ACTIVITY:
Repeat the listing verbatim. Drop any pictures.

INFORMATION PROVIDED:
+---+

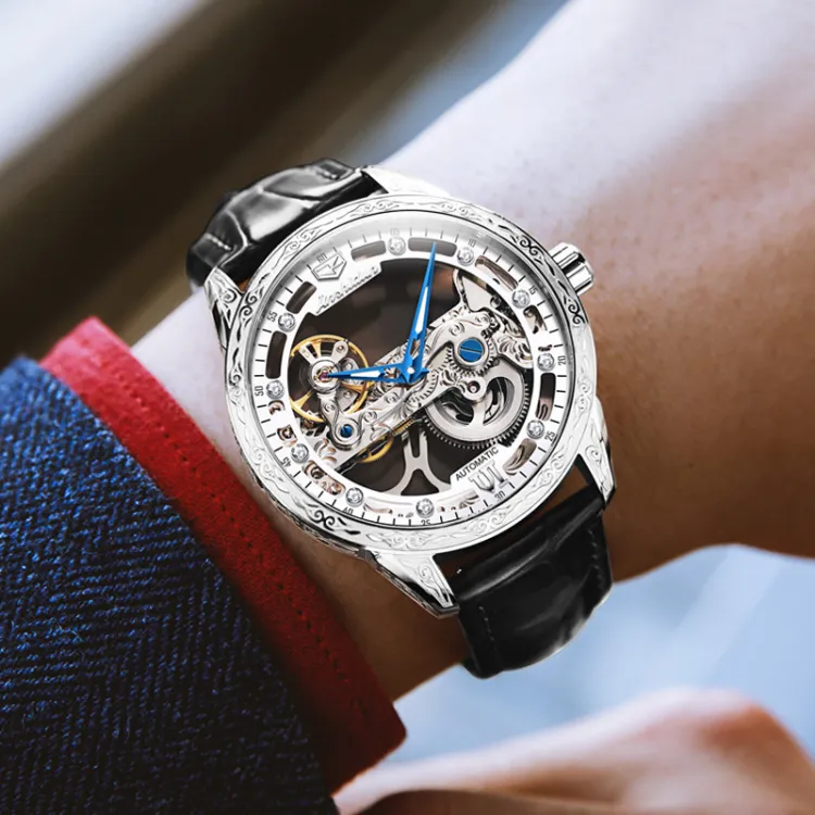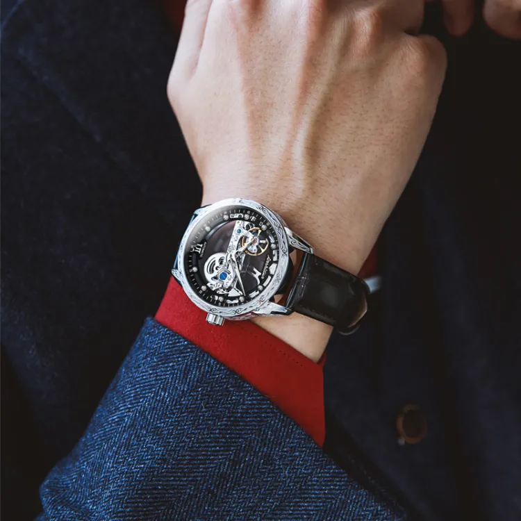 Jin Shi Dun Автоматический механический механизм Часы Мужские Часы с открытым механизмом
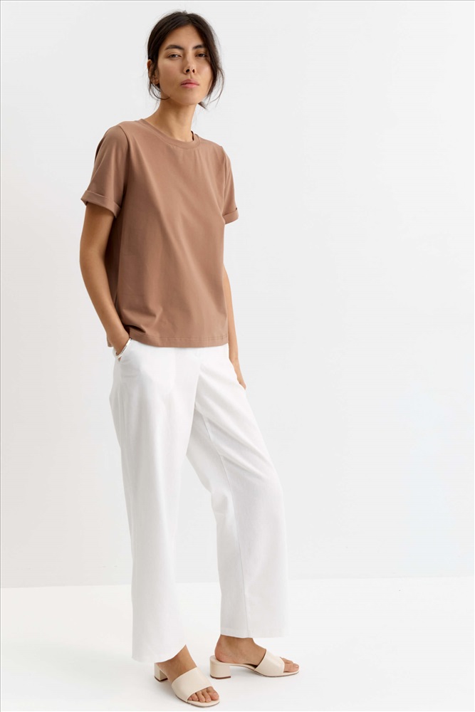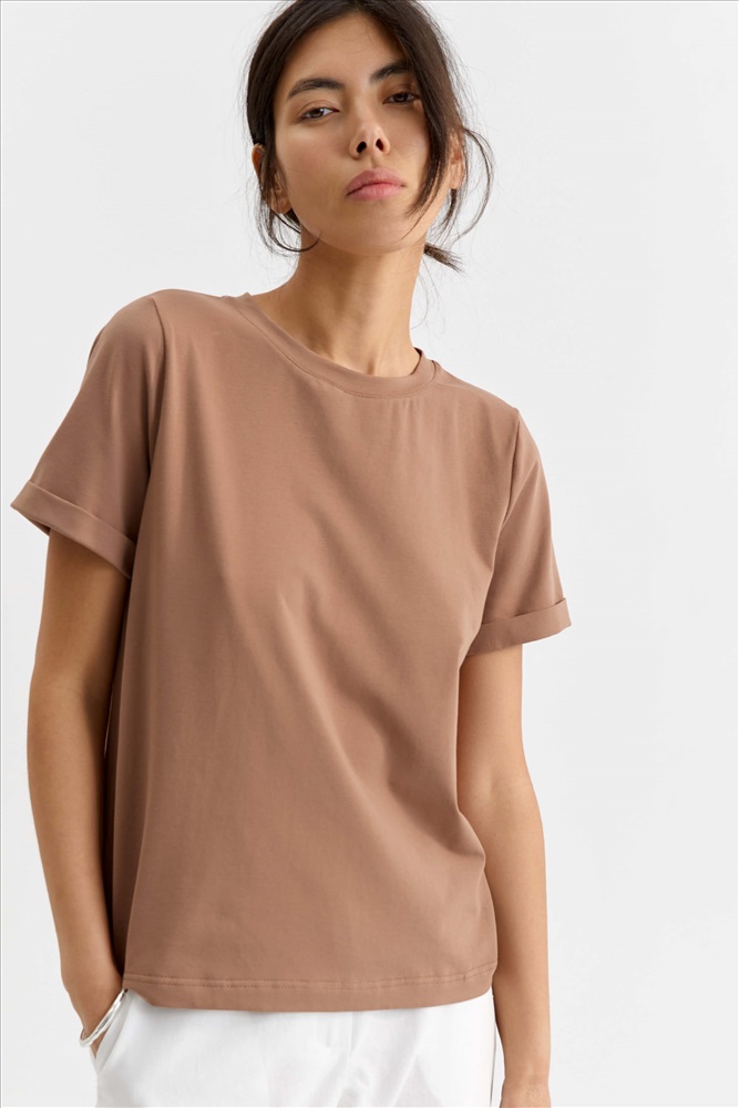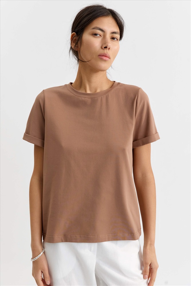 Состав: 95% Хлопок 5% Эластан Длина: 55 см. (42 размер), 60 см. (52 размер) Цветовая гамма: Какао Силуэт: Полуприлегающий Принт: Нет Коллекция: Весна #2 Базовая футболка из трикотажа. Модель полуприлегающего силуэта. Короткий втачной рукав. Горловина обработана бейкой. Комментарии к товару
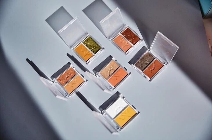 姜黄色的这块特别适合冬季使用,淡淡地打个底,整个人都变得温暖柔软起来,用浅珠光色稍稍提亮再搭上一条眼线,日常妆容就足够了。
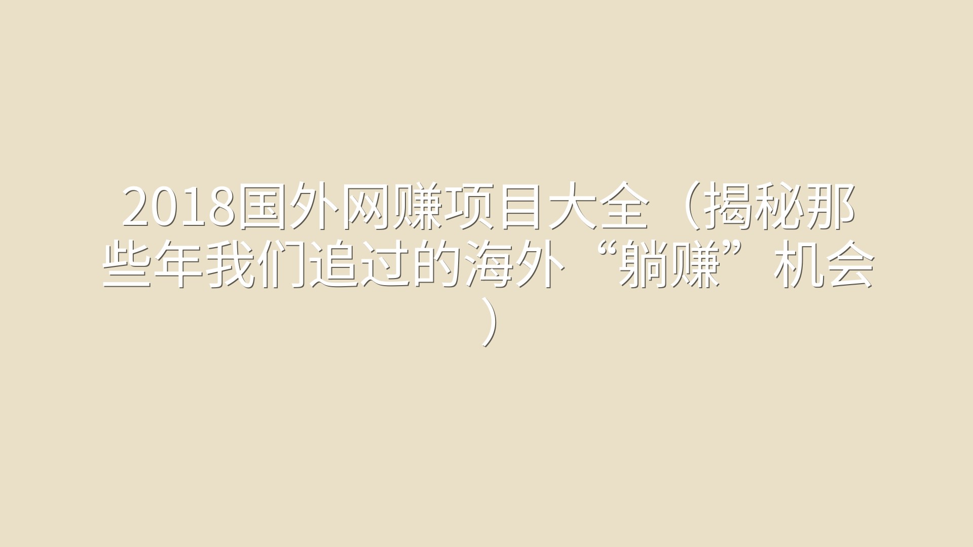 还记得2018年吗?那是个国内网赚圈子对“海外项目”充满好奇与憧憬的年代。仿佛一堵无形的墙外,遍地都是美金和欧元,随便捡个“项目”就能实现财富自由。今天,我们就来一场“考古”之旅,盘点一下2018年风靡一时的国外网赚项目大全。这些项目有的已成往事云烟,有的却进化出了新形态,其中的门道和坑,且听我慢慢道来。

+---+

EXPECTED ANSWER:
 Jin Shi Dun Автоматический механический механизм Часы Мужские Часы с открытым механизмом
 Состав: 95% Хлопок 5% Эластан Длина: 55 см. (42 размер), 60 см. (52 размер) Цветовая гамма: Какао Силуэт: Полуприлегающий Принт: Нет Коллекция: Весна #2 Базовая футболка из трикотажа. Модель полуприлегающего силуэта. Короткий втачной рукав. Горловина обработана бейкой. Комментарии к товару
 姜黄色的这块特别适合冬季使用,淡淡地打个底,整个人都变得温暖柔软起来,用浅珠光色稍稍提亮再搭上一条眼线,日常妆容就足够了。
 还记得2018年吗?那是个国内网赚圈子对“海外项目”充满好奇与憧憬的年代。仿佛一堵无形的墙外,遍地都是美金和欧元,随便捡个“项目”就能实现财富自由。今天,我们就来一场“考古”之旅,盘点一下2018年风靡一时的国外网赚项目大全。这些项目有的已成往事云烟,有的却进化出了新形态,其中的门道和坑,且听我慢慢道来。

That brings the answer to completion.